Data excerpts:
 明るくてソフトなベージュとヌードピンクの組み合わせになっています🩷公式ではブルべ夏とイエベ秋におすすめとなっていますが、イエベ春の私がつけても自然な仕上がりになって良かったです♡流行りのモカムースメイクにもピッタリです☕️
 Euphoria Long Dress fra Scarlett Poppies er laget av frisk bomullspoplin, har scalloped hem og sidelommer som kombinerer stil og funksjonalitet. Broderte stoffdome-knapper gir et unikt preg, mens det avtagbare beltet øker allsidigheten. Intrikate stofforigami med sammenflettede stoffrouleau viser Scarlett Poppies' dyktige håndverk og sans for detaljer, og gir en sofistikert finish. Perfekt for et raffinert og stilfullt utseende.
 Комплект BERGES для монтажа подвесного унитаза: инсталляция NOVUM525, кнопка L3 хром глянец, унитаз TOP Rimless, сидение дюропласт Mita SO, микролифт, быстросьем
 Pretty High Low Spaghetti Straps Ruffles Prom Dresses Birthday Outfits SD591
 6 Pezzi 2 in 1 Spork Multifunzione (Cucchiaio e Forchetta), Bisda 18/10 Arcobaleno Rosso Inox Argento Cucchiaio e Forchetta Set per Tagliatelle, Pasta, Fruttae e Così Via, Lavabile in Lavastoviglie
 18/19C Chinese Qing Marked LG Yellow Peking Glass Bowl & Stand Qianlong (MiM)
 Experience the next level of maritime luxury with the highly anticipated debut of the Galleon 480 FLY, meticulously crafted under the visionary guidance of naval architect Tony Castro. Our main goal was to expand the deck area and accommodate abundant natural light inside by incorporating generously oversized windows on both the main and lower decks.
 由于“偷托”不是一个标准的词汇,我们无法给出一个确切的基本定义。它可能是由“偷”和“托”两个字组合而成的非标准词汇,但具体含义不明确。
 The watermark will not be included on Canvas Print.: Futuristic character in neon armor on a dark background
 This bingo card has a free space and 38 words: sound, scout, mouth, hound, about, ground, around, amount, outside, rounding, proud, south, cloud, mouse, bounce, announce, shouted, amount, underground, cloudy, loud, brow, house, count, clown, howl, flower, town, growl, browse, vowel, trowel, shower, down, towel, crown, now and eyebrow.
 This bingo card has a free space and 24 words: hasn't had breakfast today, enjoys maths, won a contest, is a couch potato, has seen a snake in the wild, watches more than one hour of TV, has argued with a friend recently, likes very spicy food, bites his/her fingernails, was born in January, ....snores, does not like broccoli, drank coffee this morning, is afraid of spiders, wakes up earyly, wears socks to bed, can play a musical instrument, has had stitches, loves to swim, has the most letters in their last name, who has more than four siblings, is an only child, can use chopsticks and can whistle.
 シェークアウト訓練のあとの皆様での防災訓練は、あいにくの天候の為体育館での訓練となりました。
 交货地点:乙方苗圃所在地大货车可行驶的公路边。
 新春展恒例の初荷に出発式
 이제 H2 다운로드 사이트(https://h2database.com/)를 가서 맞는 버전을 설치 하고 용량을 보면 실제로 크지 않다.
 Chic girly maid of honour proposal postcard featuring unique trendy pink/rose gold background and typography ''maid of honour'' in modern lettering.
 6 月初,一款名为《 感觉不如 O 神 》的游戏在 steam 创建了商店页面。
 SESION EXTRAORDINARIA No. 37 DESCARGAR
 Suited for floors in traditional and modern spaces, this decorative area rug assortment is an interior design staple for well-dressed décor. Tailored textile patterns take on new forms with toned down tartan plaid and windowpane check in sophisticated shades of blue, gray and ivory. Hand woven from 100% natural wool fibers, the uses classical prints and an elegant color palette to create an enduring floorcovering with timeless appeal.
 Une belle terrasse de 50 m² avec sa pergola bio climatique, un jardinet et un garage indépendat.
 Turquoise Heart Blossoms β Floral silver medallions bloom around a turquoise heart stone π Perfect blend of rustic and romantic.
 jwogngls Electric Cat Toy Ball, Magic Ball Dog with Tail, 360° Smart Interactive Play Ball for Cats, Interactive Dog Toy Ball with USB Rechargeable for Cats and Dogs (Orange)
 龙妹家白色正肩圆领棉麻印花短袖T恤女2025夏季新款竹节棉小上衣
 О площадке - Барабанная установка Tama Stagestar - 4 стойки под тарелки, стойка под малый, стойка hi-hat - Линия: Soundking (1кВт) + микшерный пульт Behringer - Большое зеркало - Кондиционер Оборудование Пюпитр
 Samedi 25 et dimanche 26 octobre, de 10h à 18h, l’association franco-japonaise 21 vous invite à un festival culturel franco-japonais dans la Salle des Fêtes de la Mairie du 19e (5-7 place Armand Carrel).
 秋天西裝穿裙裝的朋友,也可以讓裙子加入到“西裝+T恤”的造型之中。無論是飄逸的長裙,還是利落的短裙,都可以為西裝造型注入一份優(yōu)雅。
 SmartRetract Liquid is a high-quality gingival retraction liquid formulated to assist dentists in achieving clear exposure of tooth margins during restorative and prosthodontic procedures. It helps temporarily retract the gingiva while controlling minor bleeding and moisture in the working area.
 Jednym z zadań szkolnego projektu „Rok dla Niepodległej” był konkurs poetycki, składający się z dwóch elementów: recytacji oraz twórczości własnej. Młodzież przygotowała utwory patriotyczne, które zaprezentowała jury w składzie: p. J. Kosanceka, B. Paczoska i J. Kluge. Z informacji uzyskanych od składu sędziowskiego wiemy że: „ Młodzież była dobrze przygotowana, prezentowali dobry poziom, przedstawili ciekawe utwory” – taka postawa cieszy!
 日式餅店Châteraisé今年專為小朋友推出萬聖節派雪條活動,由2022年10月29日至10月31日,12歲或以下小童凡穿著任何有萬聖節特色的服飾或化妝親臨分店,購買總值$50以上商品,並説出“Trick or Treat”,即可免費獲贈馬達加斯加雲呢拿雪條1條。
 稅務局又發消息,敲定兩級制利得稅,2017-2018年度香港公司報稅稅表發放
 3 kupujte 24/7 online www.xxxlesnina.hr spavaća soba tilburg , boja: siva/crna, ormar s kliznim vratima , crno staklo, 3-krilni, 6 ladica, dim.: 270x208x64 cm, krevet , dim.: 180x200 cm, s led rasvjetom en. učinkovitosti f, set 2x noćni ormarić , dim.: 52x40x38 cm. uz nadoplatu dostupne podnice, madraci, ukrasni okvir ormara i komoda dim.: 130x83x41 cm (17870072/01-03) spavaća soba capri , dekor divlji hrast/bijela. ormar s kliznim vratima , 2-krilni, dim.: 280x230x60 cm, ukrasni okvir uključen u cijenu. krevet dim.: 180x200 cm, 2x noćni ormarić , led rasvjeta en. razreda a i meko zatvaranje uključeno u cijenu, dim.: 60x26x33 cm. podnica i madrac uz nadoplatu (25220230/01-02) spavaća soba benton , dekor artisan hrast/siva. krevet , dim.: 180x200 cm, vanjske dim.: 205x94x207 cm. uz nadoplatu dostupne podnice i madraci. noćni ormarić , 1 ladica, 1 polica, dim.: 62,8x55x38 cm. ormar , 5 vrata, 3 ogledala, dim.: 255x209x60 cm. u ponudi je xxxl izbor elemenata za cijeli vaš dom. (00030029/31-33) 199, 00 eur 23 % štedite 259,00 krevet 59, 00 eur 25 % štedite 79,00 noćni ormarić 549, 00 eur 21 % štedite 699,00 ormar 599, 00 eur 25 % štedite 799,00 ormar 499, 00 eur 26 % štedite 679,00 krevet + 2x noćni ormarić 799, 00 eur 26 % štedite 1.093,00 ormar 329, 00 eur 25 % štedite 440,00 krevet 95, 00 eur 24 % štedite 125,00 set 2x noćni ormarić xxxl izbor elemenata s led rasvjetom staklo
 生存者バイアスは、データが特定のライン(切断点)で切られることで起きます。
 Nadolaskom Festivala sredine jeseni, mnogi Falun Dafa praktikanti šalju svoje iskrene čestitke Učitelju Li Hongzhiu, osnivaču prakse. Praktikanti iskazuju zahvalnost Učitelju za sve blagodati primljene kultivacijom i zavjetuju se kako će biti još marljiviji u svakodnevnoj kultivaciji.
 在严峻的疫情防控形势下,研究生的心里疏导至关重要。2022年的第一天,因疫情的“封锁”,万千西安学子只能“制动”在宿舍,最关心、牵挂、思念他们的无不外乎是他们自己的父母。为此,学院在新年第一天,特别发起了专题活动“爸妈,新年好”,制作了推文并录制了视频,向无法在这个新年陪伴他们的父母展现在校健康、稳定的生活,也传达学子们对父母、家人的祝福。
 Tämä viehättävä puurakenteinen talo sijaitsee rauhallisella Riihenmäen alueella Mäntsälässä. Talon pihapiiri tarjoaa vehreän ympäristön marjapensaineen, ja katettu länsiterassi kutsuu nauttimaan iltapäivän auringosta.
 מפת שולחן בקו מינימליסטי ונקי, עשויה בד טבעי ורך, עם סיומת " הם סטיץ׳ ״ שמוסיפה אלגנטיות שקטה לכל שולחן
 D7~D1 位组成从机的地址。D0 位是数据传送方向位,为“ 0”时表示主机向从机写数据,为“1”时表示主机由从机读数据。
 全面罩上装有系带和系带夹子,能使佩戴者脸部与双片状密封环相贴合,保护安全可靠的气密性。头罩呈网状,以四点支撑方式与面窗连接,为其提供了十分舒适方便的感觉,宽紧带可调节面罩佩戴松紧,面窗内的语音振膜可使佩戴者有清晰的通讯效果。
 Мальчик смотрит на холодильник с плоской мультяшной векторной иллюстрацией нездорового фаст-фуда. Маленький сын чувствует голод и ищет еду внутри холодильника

• What the exercise asks: Please reproduce, exactly as they appear above, the lines from the line containing "Samedi 25 et" up to and including the line containing "秋天西裝穿裙裝的朋友,也可以".

• Response below:
 Samedi 25 et dimanche 26 octobre, de 10h à 18h, l’association franco-japonaise 21 vous invite à un festival culturel franco-japonais dans la Salle des Fêtes de la Mairie du 19e (5-7 place Armand Carrel).
 秋天西裝穿裙裝的朋友,也可以讓裙子加入到“西裝+T恤”的造型之中。無論是飄逸的長裙,還是利落的短裙,都可以為西裝造型注入一份優(yōu)雅。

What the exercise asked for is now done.